Tool for the Job
Choosing a blogging platform
Over the past 2 years, I have steadily added ideas to my “to write about” list. I have, however, written nothing.
Each weekend, I would sit down to write something and then remember that I still had not set up a receptacle for this writing. Writing is fun; choosing blogging software is not.
The process was hung up on a lot of decisions that were distractions from the whole point of this exercise (which is to build the habit of writing regularly). In software development, I subscribe to the philosophy that you should identify the piece of what you are building that is a key differentiator and spend time writing that code. Then, try to find outside tools to handle the rest.
In this case, the writing (one hopes) is the differentiator. Spending time on areas outside of that (e.g. selecting a platform to use, picking a theme, choosing a domain name) was painful. I was particularly paralyzed by aesthetics. While there was no choice that I was likely to make that would be a positive differentiator, I certainly could have picked something so awful that it was a distraction from the content.

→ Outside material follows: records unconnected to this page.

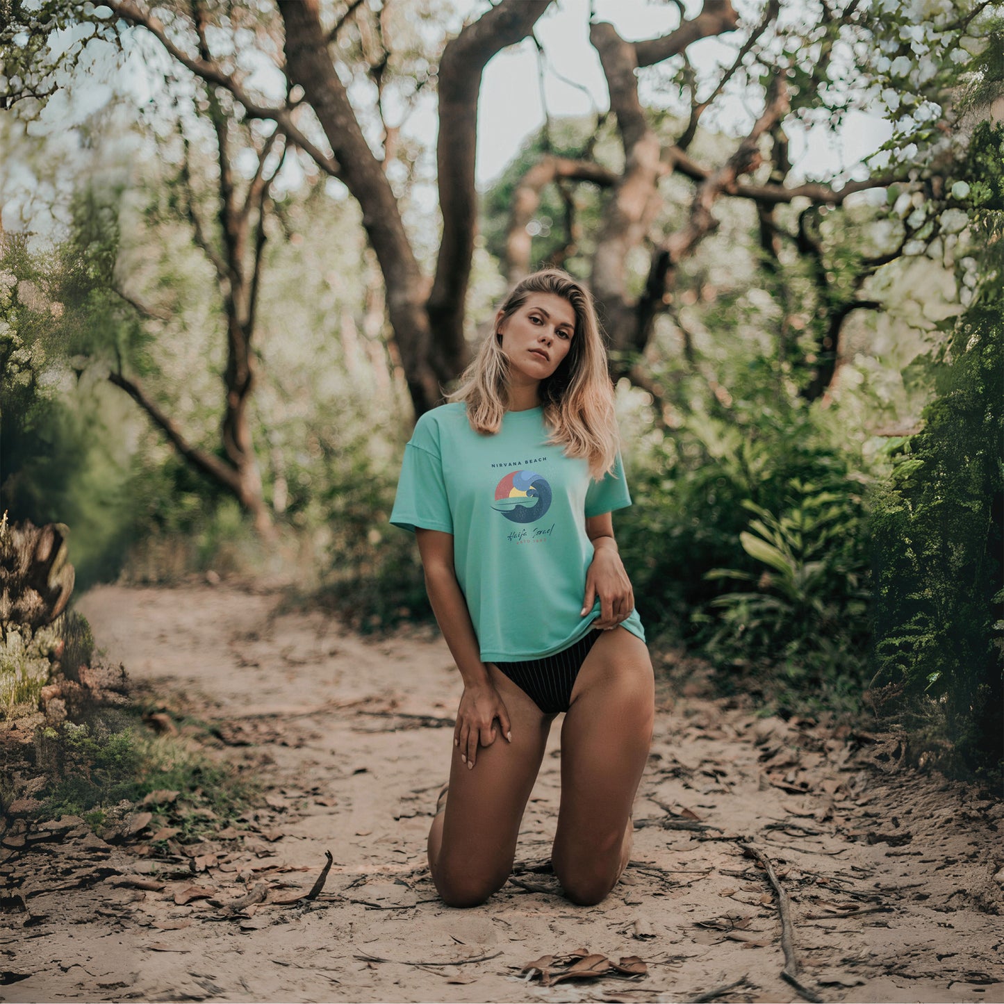 Made from 100% premium ring-spun cotton, this garment-dyed heavyweight tee delivers a thick, structured feel while staying breathable and ultra-soft for all-day comfort. The unisex oversized fit offers a relaxed, effortless look that pairs perfectly with boardshorts, denim, or leggings—whether you're hitting the waves or just lounging in coastal vibes.
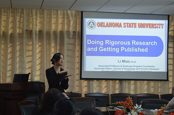 10月27日,美国俄克拉荷马州立大学酒店和餐饮管理学院副教授、OSU博士生硕士生项目主任、《Journal of Hospitality and Tourism Research》副主编苗莉博士做客工商管理学院学术讲座第三十一讲和旅游学院“旅游论道”。
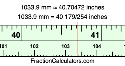 One millimeter is equal to 5/127 inches, and 1033.9 as a fraction is 10339/10. Therefore, to get the fractional answer to 1033.9 mm in inches, we multiply 10339/10 by 5/127 and simplify if necessary.
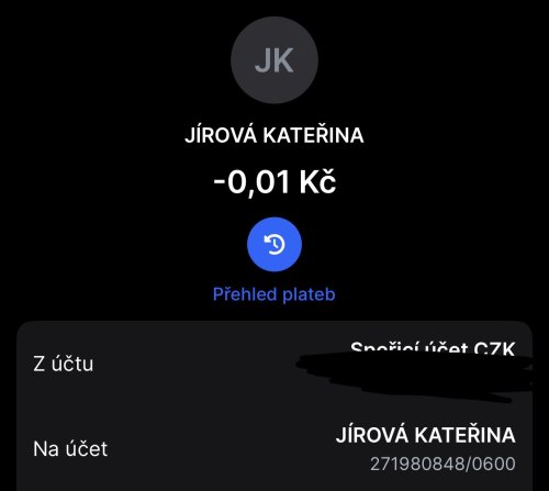 Poslat zprávupřidal/a skutečné jméno majitele účtu: Kateřina Jírová k bankovnímu účtu: 271980848/0600
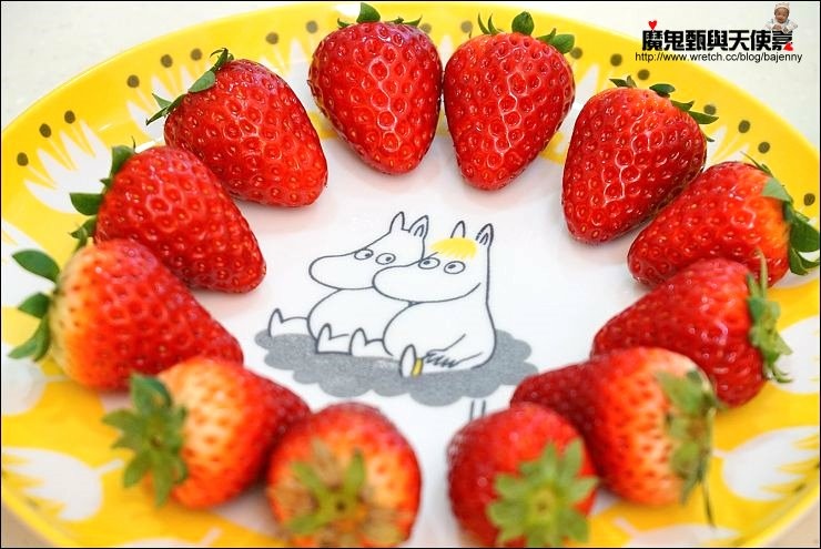 唯一的大圓盤裝草莓時,露出中間那兩隻~超。級。可。愛~~的啦,帶整顆波斯頓派出去野餐時,這個淺圓盤邊緣沒做那麼高,移動餐點較為方便。

Ironically, the least important decisions took the longest to make because I so deeply desired to not spend time on them at all. In project
management parlance, my behavior had transformed these decisions that should have been both low effort and low value into those that were high effort but still low value.
I’m over it. This weekend I decided to pick the path of least resistance. Substack is both very easy to set up and very free. Of the tools out there, it is the fastest way to deliver value (i.e. published writing). Perhaps the most valuable feature in Substack so far is that its defaults are all fine. No additional aesthetic choices needed. Now I can focus on writing.